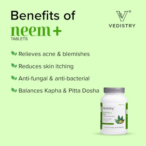 Vedistry Neem+ Tablets | Promotes Skin Health | Control Acne, dark spot & Blemishes | Natural Blood Purifier (60 Tablets in one bottle)
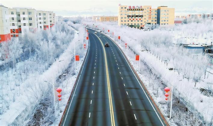 航拍十二师西山农牧场雾凇美景(摄于12月3日)。近年来,十二师打出生态环保“组合拳”,区域空气质量优良天数比例不断上升。马欣 摄
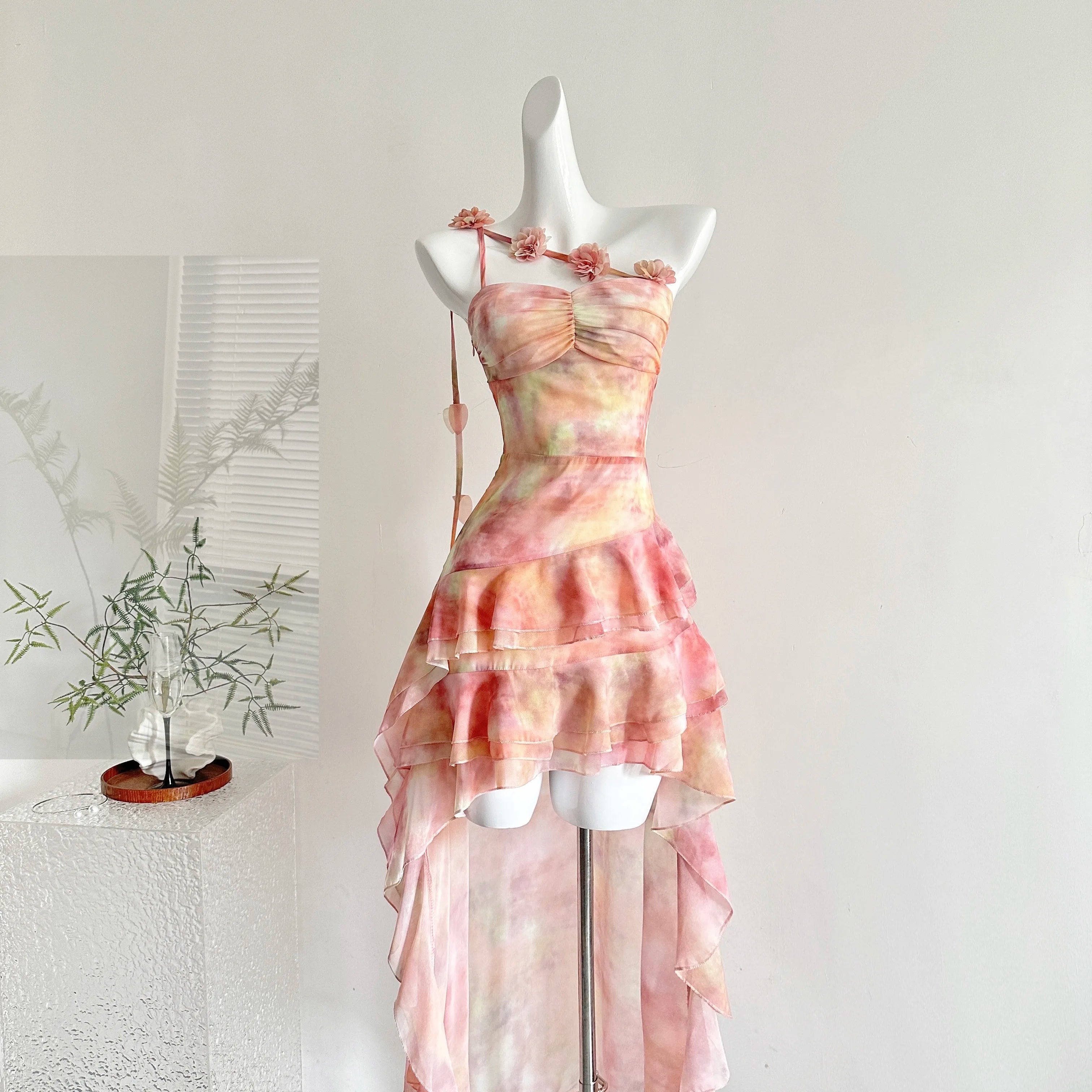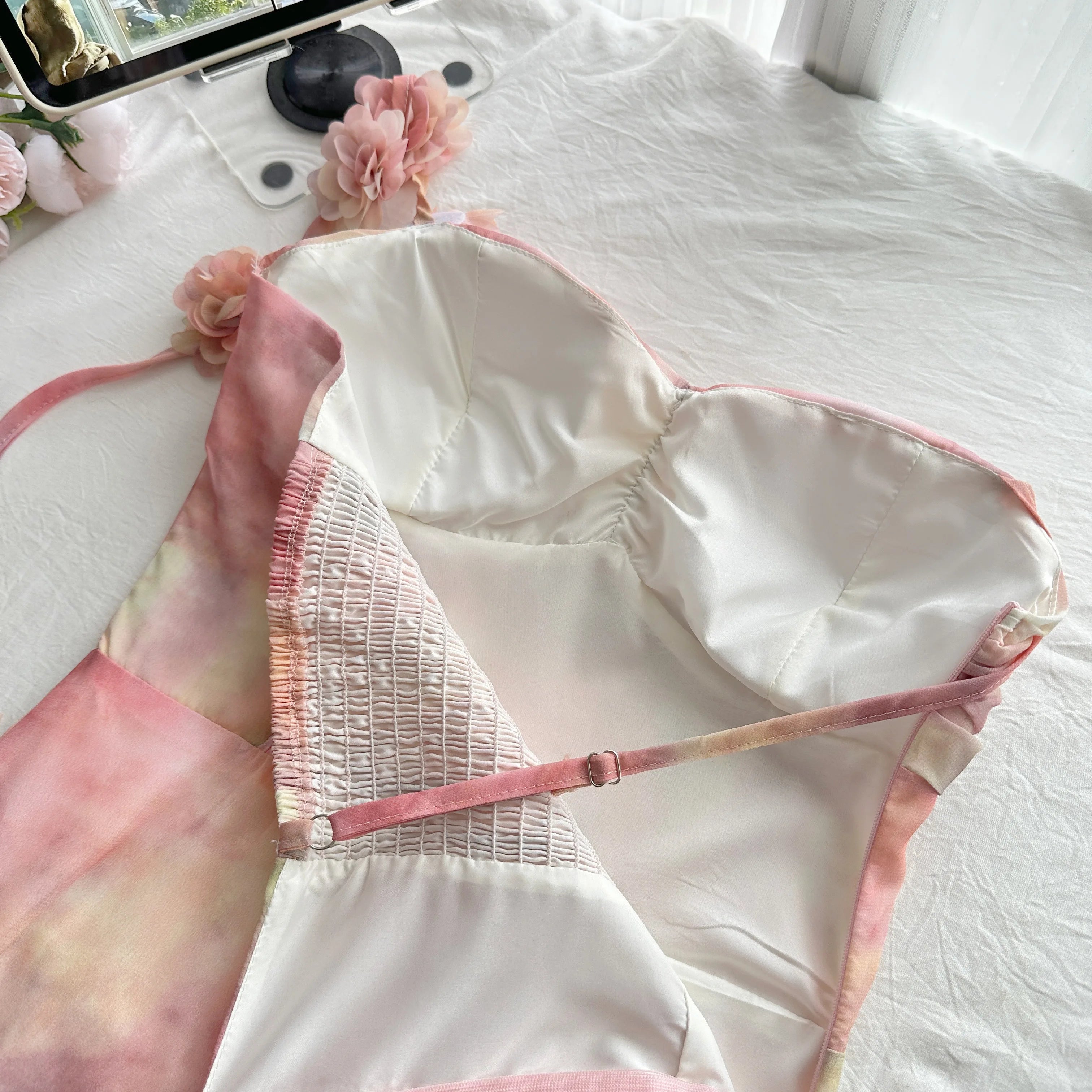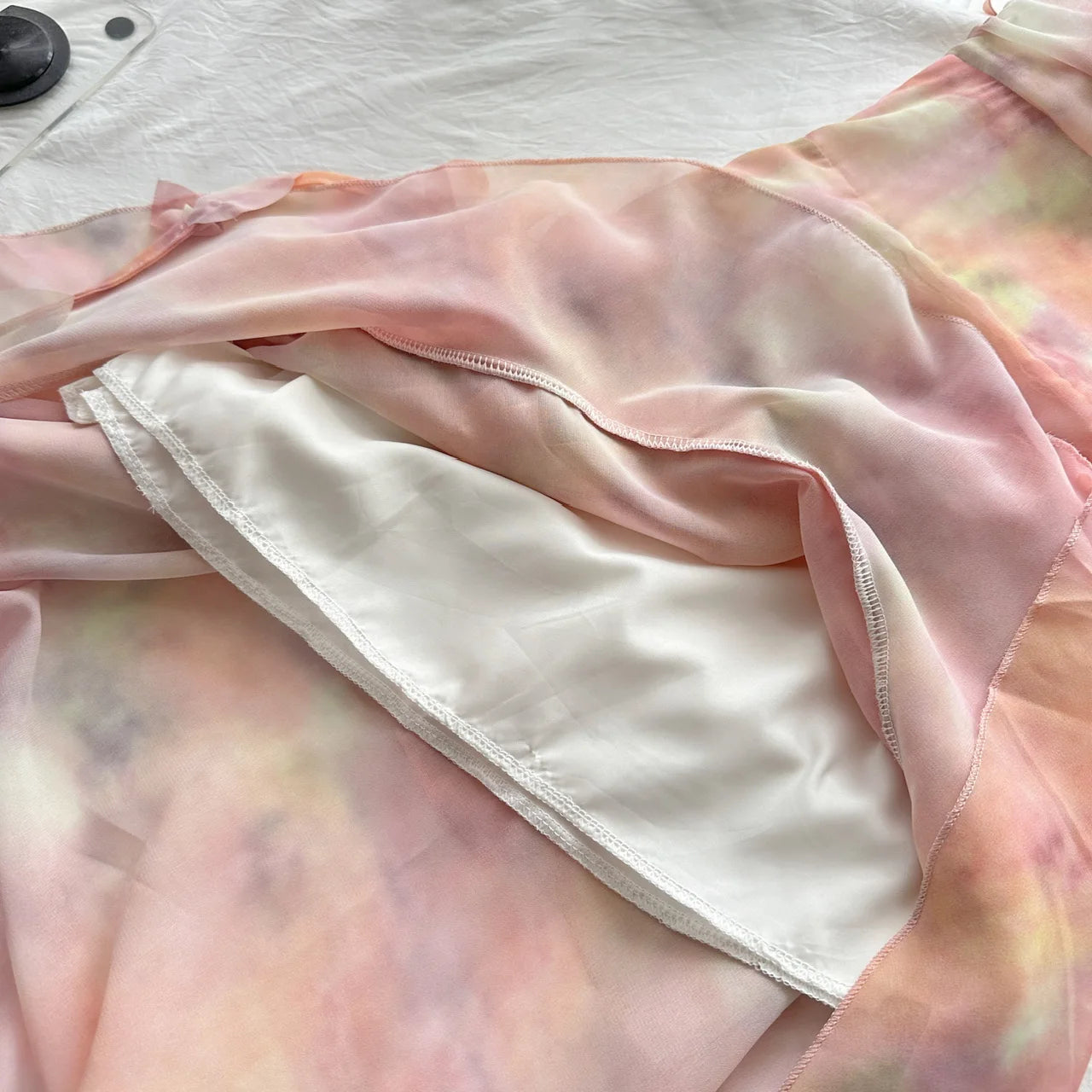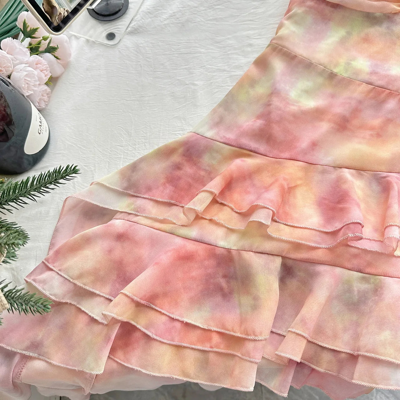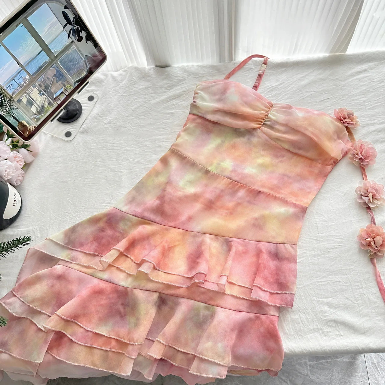 Cyflymder Summer Women French Vintage Graduation Off Shoulder Dress Mini Chiffon Tie Dye Frock Evening Shoujo Girl One-Piece Party 2000s

ASSIGNMENT.
Make an exact printout of the listing above, omitting the images.

RESULT OF THE EXERCISE.
 Vedistry Neem+ Tablets | Promotes Skin Health | Control Acne, dark spot & Blemishes | Natural Blood Purifier (60 Tablets in one bottle)
 航拍十二师西山农牧场雾凇美景(摄于12月3日)。近年来,十二师打出生态环保“组合拳”,区域空气质量优良天数比例不断上升。马欣 摄
 Cyflymder Summer Women French Vintage Graduation Off Shoulder Dress Mini Chiffon Tie Dye Frock Evening Shoujo Girl One-Piece Party 2000s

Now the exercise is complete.